23&24) Joseph Pappano [pah-PAN-oh] and Mrs. Kristen Pappano

Sterling, Virginia

The Pappano’s have two young children, a 7-year old daughter, Madison, and a 5-year old son, Mitchell. Joseph works for Hewlett-Packard repairing computers on site at AOL, earning $41,000 annually. Kristen works part-time cleaning model homes, earning approximately $18,000. The Pappanos live in Sterling, Virginia. The President’s Growth Package would benefit the Pappanos primarily through the child credit. In addition, the advancement of the tax rate reductions and the marriage penalty relief provisions will benefit this couple.

25&26) Richard “Bud” Phillip Beck and Georgia Louise Beck

Retired Couple

Colorado Springs, Colorado

Under the President’s Growth and Jobs Package, the Beck’s would reduce their tax bill by about 7 percent. The tax savings would result from an acceleration in reducing tax rates, marriage penalty relief, and elimination of the double taxation on stock dividends.

The Becks have retirement income of $52,000 of which 75 percent is taxable (25 percent Social Security). They paid $5,786 in taxes in 2001. The President’s Growth and Jobs Package would save them $418.50. Of this, the increase in the standard deduction for joint filers in marriage penalty relief would be $232.50, the increase in the width of the 10 percent rate would be $100, and the dividend exclusion would give the Beck’s an additional $86.

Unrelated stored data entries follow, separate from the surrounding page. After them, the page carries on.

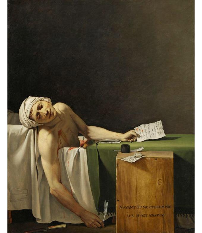 Η αναφορά της έκθεσης στην Γαλλική Επανάσταση γίνεται με τον εμβληματικό πίνακα του Ζακ Λουί Νταβίντ «Ο θάνατος του Μαρά», ως μάρτυρα της ελευθερίας της καινούργιας εποχής.
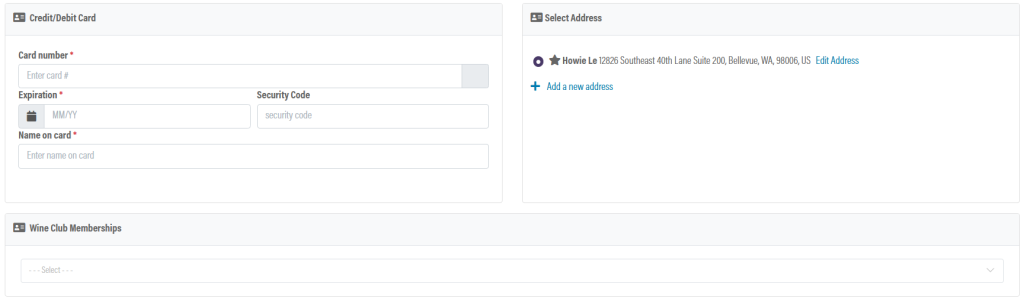 When you click Add Card on File, you will add the card info, select the billing address to the right, and optionally set the card as default payment for wineclub releases below.
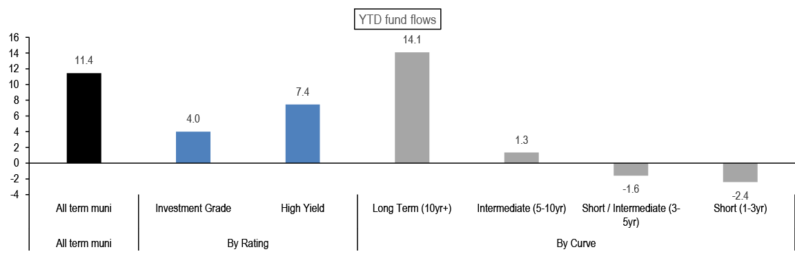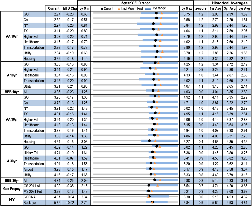 | 10-year muni yield (%) | 2.84 | 2.60 | Finding sustained market consensus while navigating transition to an easing cycle may be difficult, but we suggest playing the long game, and buying municipal bonds with a longer term perspective, particularly in periods where Treasuries sell-off. We suggest adding idiosyncratic municipal risk opportunistically on market weakness, and highlight potential market cheapening in the period before the election. |

Mr. Beck retired from the Navy after 24 years in service and was honorably discharged as a chief petty officer. Following his career in the Navy, Richard Beck returned to Colorado where he worked as a city bus driver for the Regional Transportation District in Denver for 18 years.

Mrs. Georgia Louise Beck, a widow, married Mr. Beck in 1986. Her former husband was also in the Navy. They both reside in Colorado Springs, Colorado.